Il y a aussi la question de la partialité potentielle. Le secteur des soins de santé est entaché de biais, et ces effets se répercutent sur les modèles formés à partir de dossiers médicaux, d’études et de recherches biaisés. Une étude réalisée en 2019, par exemple, a révélé qu’un algorithme utilisé par de nombreux hôpitaux pour déterminer quels patients avaient besoin de soins traitait les patients noirs avec moins de sensibilité que les patients blancs.

En tout état de cause, on peut espérer qu’Hippocratic précise que ses modèles ne sont pas infaillibles. Dans des domaines tels que les soins de santé, le biais d’automatisation, ou la propension des gens à faire confiance à l’IA plutôt qu’à d’autres sources, même si elles sont correctes, comporte des risques manifestement élevés.

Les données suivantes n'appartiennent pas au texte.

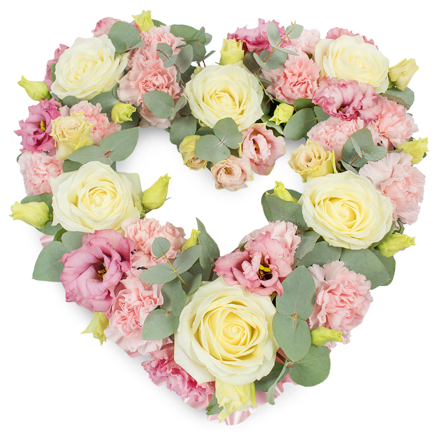 Express your sincere condolences with our Beautiful Open Heart Remembrance Bouquet. This stunning arrangement features a carefully curated mix of white roses, pink carnations, pink lisianthus, and eucalyptus leaves, artfully arranged to form an open heart symbolizing everlasting love.

Ces détails font partie des nombreuses questions qu’Hippocratic doit encore régler. L’entreprise ne divulgue pas de détails sur ses partenaires ou ses clients, préférant se concentrer sur le financement. Le modèle n’est même pas disponible à l’heure actuelle, pas plus que les données sur lesquelles il a été formé ou celles sur lesquelles il pourrait être formé à l’avenir. (Hippocratic se contente de dire qu’elle utilisera des données « dépersonnalisées » pour la formation au modèle).

S’il attend trop longtemps, Hippocratic risque de se laisser distancer par des concurrents tels que Truveta et Latent, dont certains disposent d’un avantage considérable en termes de ressources. Par exemple, Google a récemment commencé à présenter en avant-première Med-PaLM 2, qui, selon lui, a été le premier modèle linguistique à donner des résultats de niveau expert sur des dizaines de questions d’examen médical. Comme le modèle d’Hippocratic, Med-PaLM 2 a été évalué par des professionnels de la santé sur sa capacité à répondre avec précision – et en toute sécurité – à des questions médicales.

Hemant Taneja, directeur général de General Catalyst, n’a pas exprimé d’inquiétude.

« Munjal et moi-même avons créé cette entreprise en partant du principe que les soins de santé ont besoin de leur propre modèle de langage conçu spécifiquement pour les applications de soins de santé – un modèle qui soit juste, impartial, sûr et bénéfique pour la société », a-t-il déclaré par courrier électronique. Nous avons entrepris de créer une application d’IA de haute intégrité, alimentée par un régime de données « sain » et comprenant une approche de formation qui cherche à incorporer un retour d’information humain approfondi de la part d’experts médicaux pour chaque tâche spécialisée. Dans le domaine de la santé, nous ne pouvons tout simplement pas nous permettre d’aller vite et de tout casser ».

M. Shah précise que la majeure partie de la tranche d’amorçage de 50 millions de dollars sera consacrée à l’investissement dans les talents, les données informatiques et les partenariats.